A d-ary soft heap variant has been explored for parallel and cache-oblivious settings, but it is not, to date, asymptotically better than the binary construction.
10. Open Problems¶
-
Cache-oblivious d-ary heap. A funnel heap matches the optimal I/O complexity
Theta((1/B) * log_{M/B}(N/B))per amortised op, but its implementation is complex. Is there a d-ary heap with a fixed structural parameter that matches this I/O bound on every machine without knowingB? -
Deterministic O(1) decrease-key for d > 2. Fibonacci heaps achieve
O(1)amortised decrease-key, but only for the binary-tree-list structure. Whether a d-ary structure with constant-amortised decrease-key exists and matches the cache properties of the standard d-ary heap is open. The strict Fibonacci heap of Brodal, Lagogiannis, and Tarjan (ICALP 2012) is a partial answer in the worst-case setting but is not array-implicit. -
Tight lower bound including I/Os. The Aggarwal-Vitter sort bound gives a per-op I/O lower bound of
Omega((1/B) * log_{M/B}(N/B)). The d-ary heap I/O cost includes a multiplicativelog_d n / log_d(M/B)factor. Closing the gap for every(M, B, n, d)configuration remains open. -
Optimal
dunder random workloads. If the push/pop mix is drawn from a distribution rather than fixed, the expected-optimaldmay differ from the worst-cased* = e. A precise characterisation is not in the literature. -
d-ary monotone priority queues. Thorup's
O(m + n * log log n)SSSP bound (J. ACM 1999) uses a custom integer priority queue. Whether a d-ary analogue matches both the cache and the integer-key bound is unknown.
11. Summary¶
The d-ary heap is a parameterised generalisation of the binary heap. Setting d larger than 2 trades a slightly more expensive sift-down ((d - 1) * log_d n comparisons instead of 2 * log_2 n) for a strictly cheaper sift-up (log_d n instead of log_2 n) and a strictly cheaper build-heap (n / (d - 1) instead of n). The shallower tree (height log_d n) and the contiguity of sibling slots make the structure markedly cache-friendly: choosing d so that d * sizeof(key) matches the cache-line size produces the largest measurable speed-up over the binary heap on modern hardware.

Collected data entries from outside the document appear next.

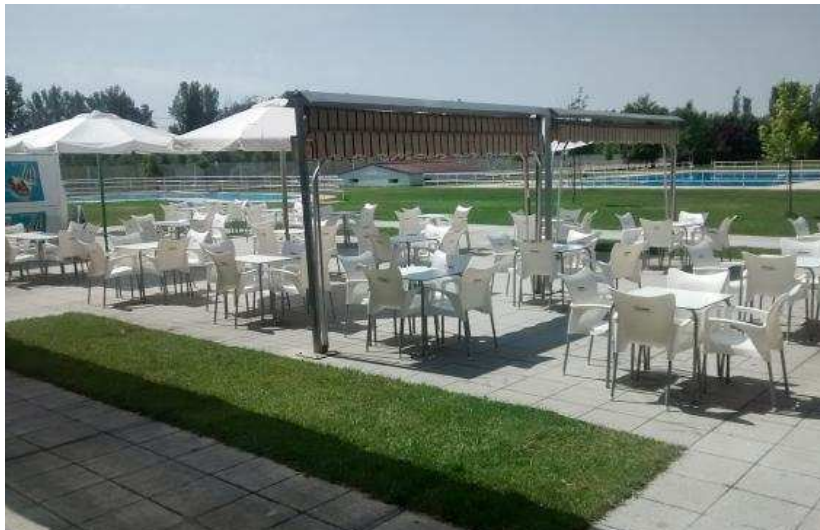
Una vista de las piscinas y las zonas deportivas desde la terraza del bar-restaurante.

Parece que el verano ya ha comenzado y el calor ha llegado a la provincia, por lo que sorianos y visitantes comienzan a acudir a las piscinas de verano. El complejo de Tardelcuende será una buena elección para darse un buen chapuzón y para practicar deporte, ya que junto a las piscinas encontramos zonas deportivas de tenis, padel, frontenis, fútbol, volei... Además, este complejo dispone de un inmejorable servicio de bar-restaurante en el que podemos optar por el menú del día entre semana y un menú especial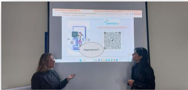
Imaginea 6: Sesiune de pilotare de la XENIOS POLIS (Grecia)

XENIOS POLIS a organizat o sesiune de pilotare față în față în Atena/Grecia, pe 21 decembrie 2023, în cadrul căreia 21 de participanți au făcut cunoștință cu ideea și obiectivele proiectului, au făcut schimb de idei și au împărtășit sugestii privind sănătatea digitală. Pilotarea s-a adresat studenților cu vârste cuprinse între 17-19 ani care se înscriu la cursuri și cursuri de formare atât la competențe digitale, cât și la cursuri de masterat pe specializarea sănătate digitală. Prezentarea proiectului UNHEAL+ și a cursurilor incluse a durat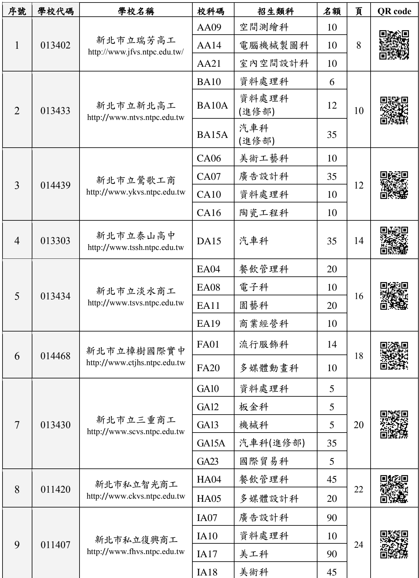
新北市 110 學年度高級中等學校特色招生專業群科甄選入學學校一覽表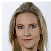
Céline Amaudruz, Nationalrätin SVP, GE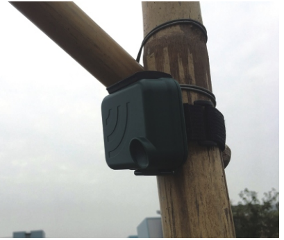
設置自動錄音機進行草鴞調查

但是事情並沒有預期中的順利！時間來到11月上旬，推測草鴞可能會再回到認養區來進行繁殖，調查人員進入上一年(2020)草鴞繁殖的白茅草區，卻發現整個生態環境已改變。原本生長茂盛的白茅草，幾乎完全被外來入侵種植物小花蔓澤蘭、美洲含羞草所取代，只剩下零星族群點綴於其中。這樣的環境，草鴞應無法棲息利用，自動錄音、回播調查證實了草鴞已經離去。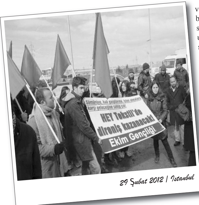
29 Şubat 2012 | İstanbul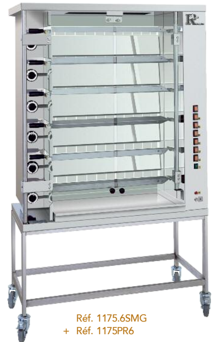
Réf. 1175.6SMG + Réf. 1175PR6

Carrosserie inox, équipé de moteurs flottants, réglables, indépendants par broches. Vitres de protection K.GLASS avec blocage à l'ouverture et à la fermeture. Compartiments techniques protégés de la graisse de cuisson et chaleur (haute température) par une double paroi démontable. Livrée avec broches cuisanpics (Réf. CUI..., voir accessoires p19). Paraboles inox démontables entre les éléments de chauffe. Stainless steel, equipped with individual motors and adjustable drive to spit easily. Equipped with K.GLASS glass doors with locking system whilst opened or closed. Removable stainless steel panels in-between heating elements. Delivered with prongless spits (Ref. CUI..., see accessories p19).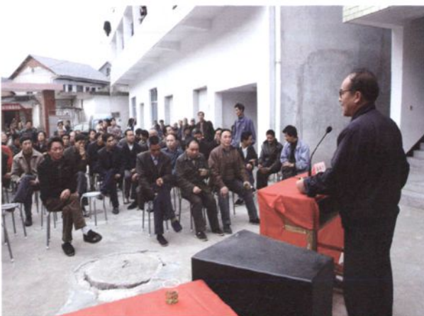
2008年4月1日，太阳镇景村村民委员会换届选举，竞选者在“自荐”与“竞职演讲”。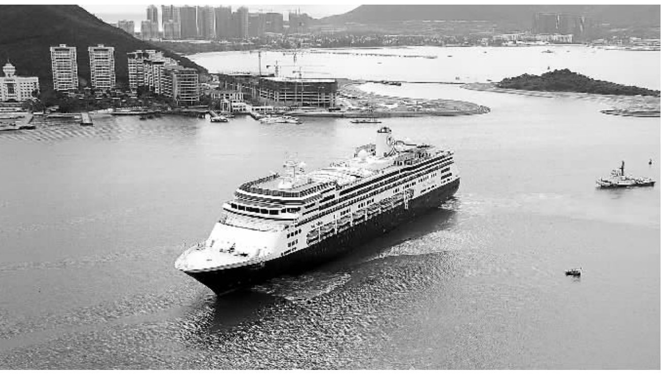
国外邮轮给三亚带来大量欧美游客。

1月19日，荷兰籍邮轮“赞丹号”满载千余名欧美、大洋洲游客首次到访三亚，揭开今年国际邮轮海南岛“闹春”的序幕。从农历新年至元宵节短短20天，就有28个邮轮航次造访三亚。

The workload-optimal d minimises (alpha + beta * (d - 1)) * log n / log d; for balanced workloads the real-valued optimum is e, so d in {2, 3} is practically optimal. For Dijkstra's algorithm and other push-heavy graph algorithms, the optimum is d ~ E / V, and the resulting cost O((E + V) * log_{E/V} V) is asymptotically faster than the binary-heap bound whenever the graph is dense.
The comparison-based lower bound Omega(log n) per ordered output still applies; the d-ary heap merely redistributes that work between push and pop. For asymptotically faster amortised behaviour one must move to Fibonacci-style or soft-heap structures, at the cost of giving up the implicit array representation that makes the d-ary heap so attractive in cache-bound contexts.
Key references.
- Cormen, Leiserson, Rivest, Stein. Introduction to Algorithms, 3rd ed., MIT Press, 2009. Chapter 6, Problem 6-2 ("Analysis of d-ary heaps").
- Boost C++ Libraries,
boost::heap::d_ary_heapdocumentation, https://www.boost.org/doc/libs/release/doc/html/boost/heap/d_ary_heap.html - Chazelle, B. "The soft heap: an approximate priority queue with optimal error rate." Journal of the ACM 47(6):1012-1027, 2000.
- Johnson, D. B. "Efficient algorithms for shortest paths in sparse networks." Journal of the ACM 24(1):1-13, 1977.
- Tarjan, R. E. Data Structures and Network Algorithms. SIAM, 1983.
- Aggarwal, A.; Vitter, J. S. "The input/output complexity of sorting and related problems." Communications of the ACM 31(9):1116-1127, 1988.
- Frigo, M.; Leiserson, C. E.; Prokop, H.; Ramachandran, S. "Cache-oblivious algorithms." FOCS 1999.
- Kaplan, H.; Zwick, U. "A simpler implementation and analysis of Chazelle's soft heaps." SODA 2009.